## Assignment:
Word for word, restate the lines of the listing below from the line with "5時間目に新生徒会本部役員と" through the line with "Ikea Linanäs 2-sitssoffa", and do not include the pictures.

[Source data — start]

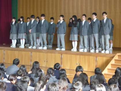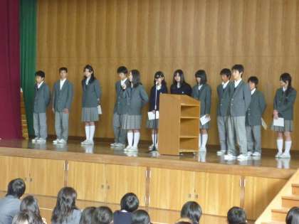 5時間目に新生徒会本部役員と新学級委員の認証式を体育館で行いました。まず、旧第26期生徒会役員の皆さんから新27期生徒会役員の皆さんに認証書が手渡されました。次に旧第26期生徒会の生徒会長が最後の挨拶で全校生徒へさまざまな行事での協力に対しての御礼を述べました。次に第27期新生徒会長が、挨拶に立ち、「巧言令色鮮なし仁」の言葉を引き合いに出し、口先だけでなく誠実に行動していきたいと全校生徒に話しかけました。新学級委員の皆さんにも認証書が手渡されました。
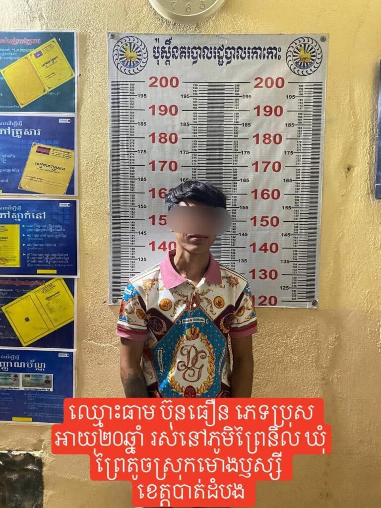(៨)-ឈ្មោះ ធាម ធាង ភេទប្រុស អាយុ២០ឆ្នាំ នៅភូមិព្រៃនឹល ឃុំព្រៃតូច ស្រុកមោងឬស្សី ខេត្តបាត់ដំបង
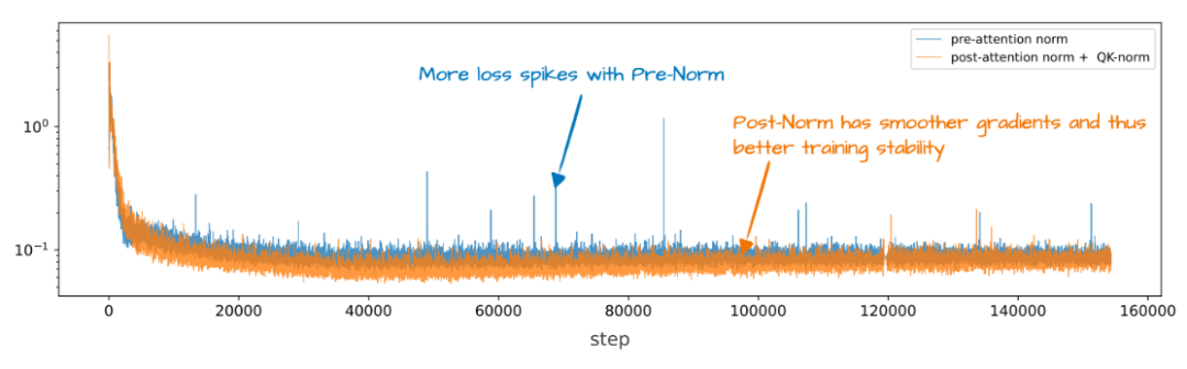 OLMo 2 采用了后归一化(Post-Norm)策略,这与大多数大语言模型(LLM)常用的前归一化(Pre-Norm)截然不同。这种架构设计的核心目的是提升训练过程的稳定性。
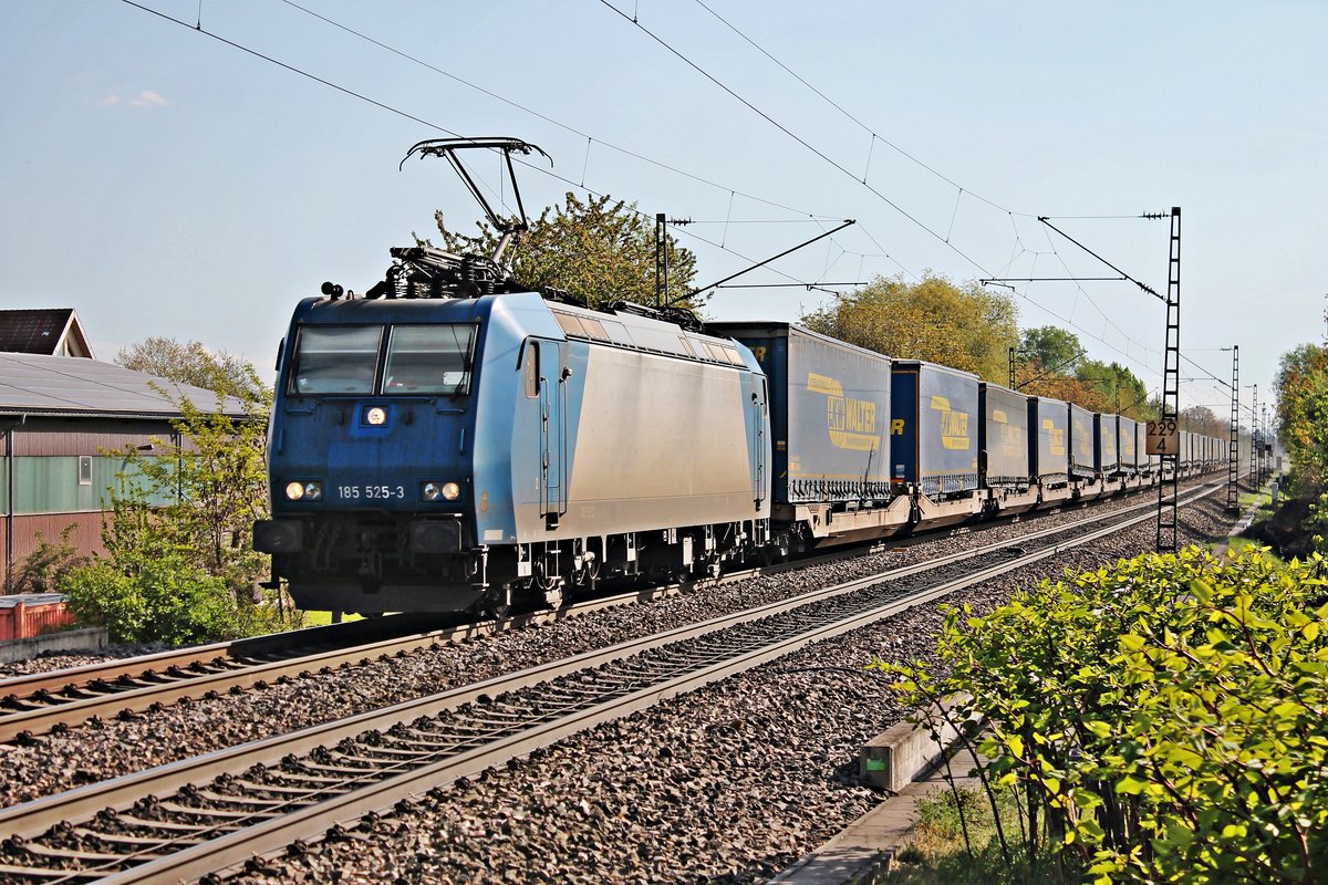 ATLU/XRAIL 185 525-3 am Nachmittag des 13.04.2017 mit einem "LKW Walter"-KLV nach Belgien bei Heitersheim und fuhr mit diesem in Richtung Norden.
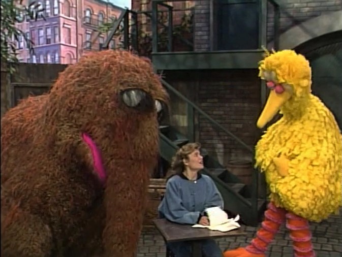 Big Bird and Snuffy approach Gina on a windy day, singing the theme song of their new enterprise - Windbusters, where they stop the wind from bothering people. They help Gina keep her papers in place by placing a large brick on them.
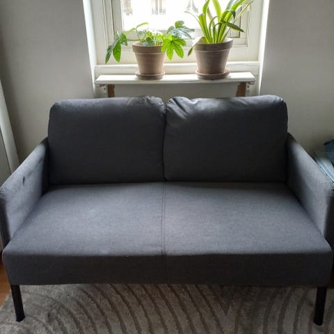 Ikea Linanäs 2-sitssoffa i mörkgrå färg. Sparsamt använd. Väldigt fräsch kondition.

[Source data — finish]
[Source data — start]

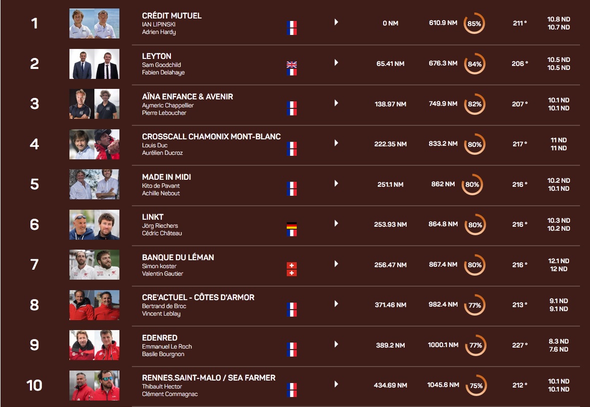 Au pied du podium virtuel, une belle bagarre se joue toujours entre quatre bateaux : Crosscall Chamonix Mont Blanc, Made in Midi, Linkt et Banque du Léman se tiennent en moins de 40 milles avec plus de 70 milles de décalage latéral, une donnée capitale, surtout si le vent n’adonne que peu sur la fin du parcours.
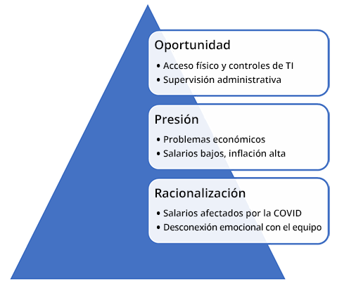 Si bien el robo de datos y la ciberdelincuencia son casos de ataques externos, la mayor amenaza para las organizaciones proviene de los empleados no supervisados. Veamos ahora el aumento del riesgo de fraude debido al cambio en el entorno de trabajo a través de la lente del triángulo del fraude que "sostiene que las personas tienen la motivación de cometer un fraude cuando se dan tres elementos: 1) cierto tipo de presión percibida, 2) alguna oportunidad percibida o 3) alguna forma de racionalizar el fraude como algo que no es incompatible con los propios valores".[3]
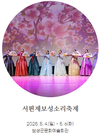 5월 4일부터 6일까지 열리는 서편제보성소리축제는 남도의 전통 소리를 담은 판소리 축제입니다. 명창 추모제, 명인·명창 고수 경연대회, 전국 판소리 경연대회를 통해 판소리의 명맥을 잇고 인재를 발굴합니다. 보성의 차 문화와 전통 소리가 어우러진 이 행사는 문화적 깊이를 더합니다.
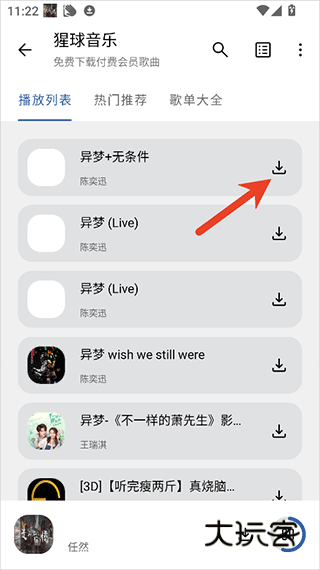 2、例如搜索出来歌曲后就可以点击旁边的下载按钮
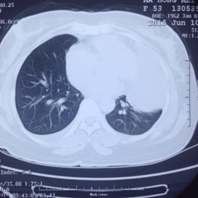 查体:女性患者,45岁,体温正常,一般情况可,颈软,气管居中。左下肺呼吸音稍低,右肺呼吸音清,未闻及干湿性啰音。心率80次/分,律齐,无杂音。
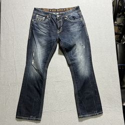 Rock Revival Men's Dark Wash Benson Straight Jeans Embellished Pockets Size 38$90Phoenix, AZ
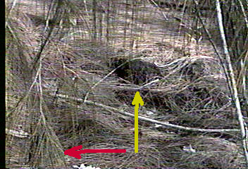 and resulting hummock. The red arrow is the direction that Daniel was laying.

[Source data — finish]

## Response:
 5時間目に新生徒会本部役員と新学級委員の認証式を体育館で行いました。まず、旧第26期生徒会役員の皆さんから新27期生徒会役員の皆さんに認証書が手渡されました。次に旧第26期生徒会の生徒会長が最後の挨拶で全校生徒へさまざまな行事での協力に対しての御礼を述べました。次に第27期新生徒会長が、挨拶に立ち、「巧言令色鮮なし仁」の言葉を引き合いに出し、口先だけでなく誠実に行動していきたいと全校生徒に話しかけました。新学級委員の皆さんにも認証書が手渡されました。
(៨)-ឈ្មោះ ធាម ធាង ភេទប្រុស អាយុ២០ឆ្នាំ នៅភូមិព្រៃនឹល ឃុំព្រៃតូច ស្រុកមោងឬស្សី ខេត្តបាត់ដំបង
 OLMo 2 采用了后归一化(Post-Norm)策略,这与大多数大语言模型(LLM)常用的前归一化(Pre-Norm)截然不同。这种架构设计的核心目的是提升训练过程的稳定性。
 ATLU/XRAIL 185 525-3 am Nachmittag des 13.04.2017 mit einem "LKW Walter"-KLV nach Belgien bei Heitersheim und fuhr mit diesem in Richtung Norden.
 Big Bird and Snuffy approach Gina on a windy day, singing the theme song of their new enterprise - Windbusters, where they stop the wind from bothering people. They help Gina keep her papers in place by placing a large brick on them.
 Ikea Linanäs 2-sitssoffa i mörkgrå färg. Sparsamt använd. Väldigt fräsch kondition.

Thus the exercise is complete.